== WHAT THE TASK REQUIRES ==
Skip pictures in the listing below; copy exactly the lines from the one with "Make this modern" through the one with "黑龙江中东部、吉林东部、内蒙", inclusive.

== EXERCISE MATERIAL ==
____________
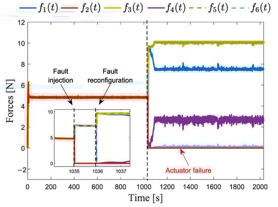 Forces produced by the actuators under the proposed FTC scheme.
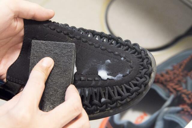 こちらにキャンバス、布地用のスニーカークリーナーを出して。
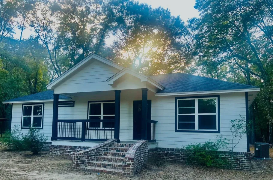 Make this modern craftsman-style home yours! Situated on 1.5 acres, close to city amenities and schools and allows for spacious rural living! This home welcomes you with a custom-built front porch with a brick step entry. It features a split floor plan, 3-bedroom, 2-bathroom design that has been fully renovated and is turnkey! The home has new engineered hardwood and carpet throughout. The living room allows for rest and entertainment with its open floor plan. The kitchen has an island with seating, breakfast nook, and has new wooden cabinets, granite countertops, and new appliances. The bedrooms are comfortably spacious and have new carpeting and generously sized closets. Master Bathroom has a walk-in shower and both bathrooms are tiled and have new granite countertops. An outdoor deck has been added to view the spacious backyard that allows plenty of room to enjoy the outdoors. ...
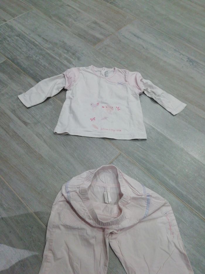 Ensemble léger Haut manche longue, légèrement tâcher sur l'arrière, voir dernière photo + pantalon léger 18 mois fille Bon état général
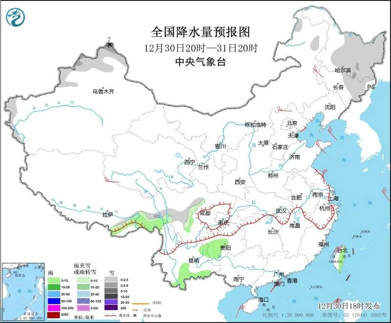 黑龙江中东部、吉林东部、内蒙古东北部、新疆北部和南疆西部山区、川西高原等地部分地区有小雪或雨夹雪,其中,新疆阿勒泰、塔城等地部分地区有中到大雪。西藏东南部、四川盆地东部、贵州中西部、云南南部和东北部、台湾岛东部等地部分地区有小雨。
____________
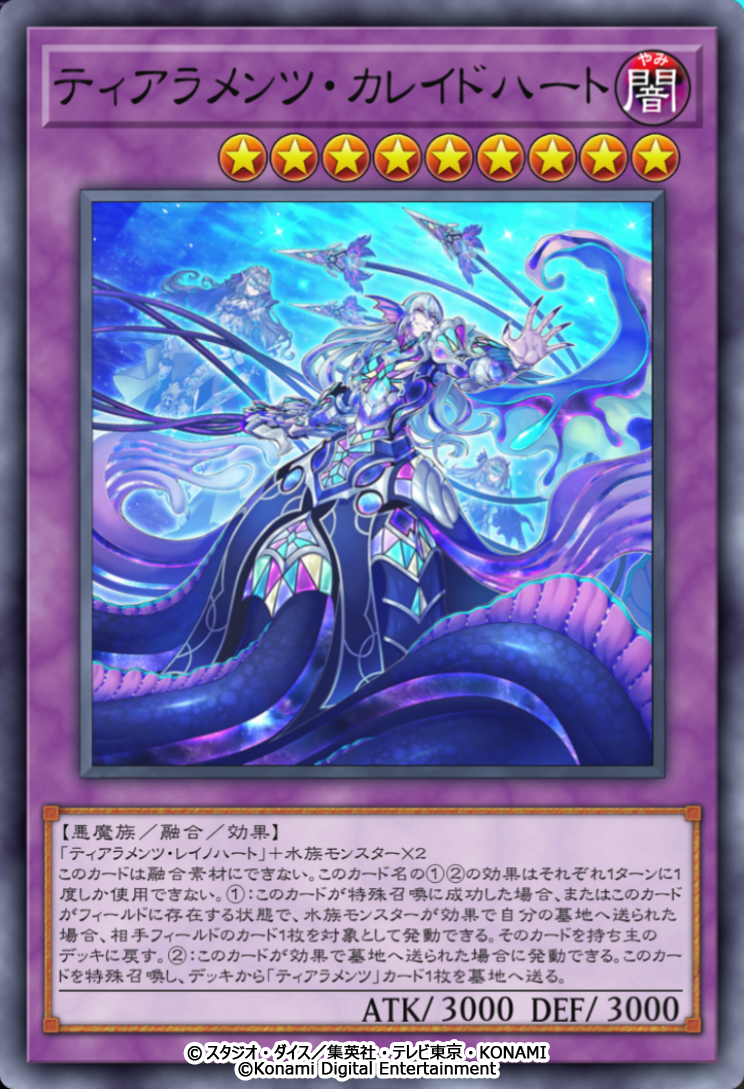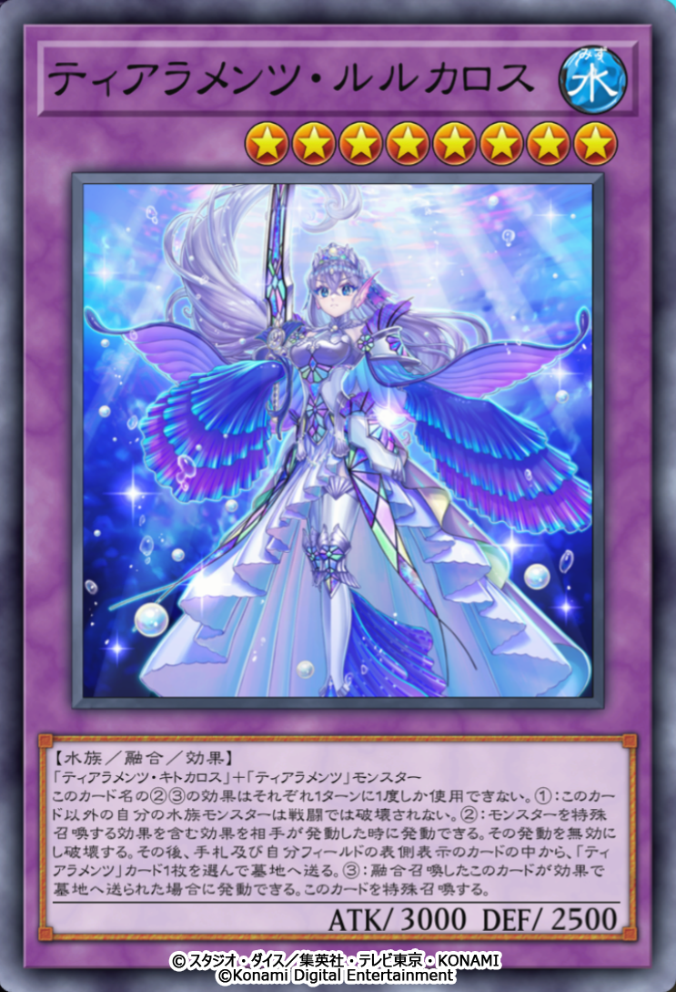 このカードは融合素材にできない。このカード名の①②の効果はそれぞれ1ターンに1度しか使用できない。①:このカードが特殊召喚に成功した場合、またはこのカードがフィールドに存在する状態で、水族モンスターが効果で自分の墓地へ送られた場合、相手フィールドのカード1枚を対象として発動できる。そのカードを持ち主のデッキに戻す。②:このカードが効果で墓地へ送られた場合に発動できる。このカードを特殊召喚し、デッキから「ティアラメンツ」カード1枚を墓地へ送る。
____________
== EXPECTED ANSWER ==
 Make this modern craftsman-style home yours! Situated on 1.5 acres, close to city amenities and schools and allows for spacious rural living! This home welcomes you with a custom-built front porch with a brick step entry. It features a split floor plan, 3-bedroom, 2-bathroom design that has been fully renovated and is turnkey! The home has new engineered hardwood and carpet throughout. The living room allows for rest and entertainment with its open floor plan. The kitchen has an island with seating, breakfast nook, and has new wooden cabinets, granite countertops, and new appliances. The bedrooms are comfortably spacious and have new carpeting and generously sized closets. Master Bathroom has a walk-in shower and both bathrooms are tiled and have new granite countertops. An outdoor deck has been added to view the spacious backyard that allows plenty of room to enjoy the outdoors. ...
 Ensemble léger Haut manche longue, légèrement tâcher sur l'arrière, voir dernière photo + pantalon léger 18 mois fille Bon état général
 黑龙江中东部、吉林东部、内蒙古东北部、新疆北部和南疆西部山区、川西高原等地部分地区有小雪或雨夹雪,其中,新疆阿勒泰、塔城等地部分地区有中到大雪。西藏东南部、四川盆地东部、贵州中西部、云南南部和东北部、台湾岛东部等地部分地区有小雨。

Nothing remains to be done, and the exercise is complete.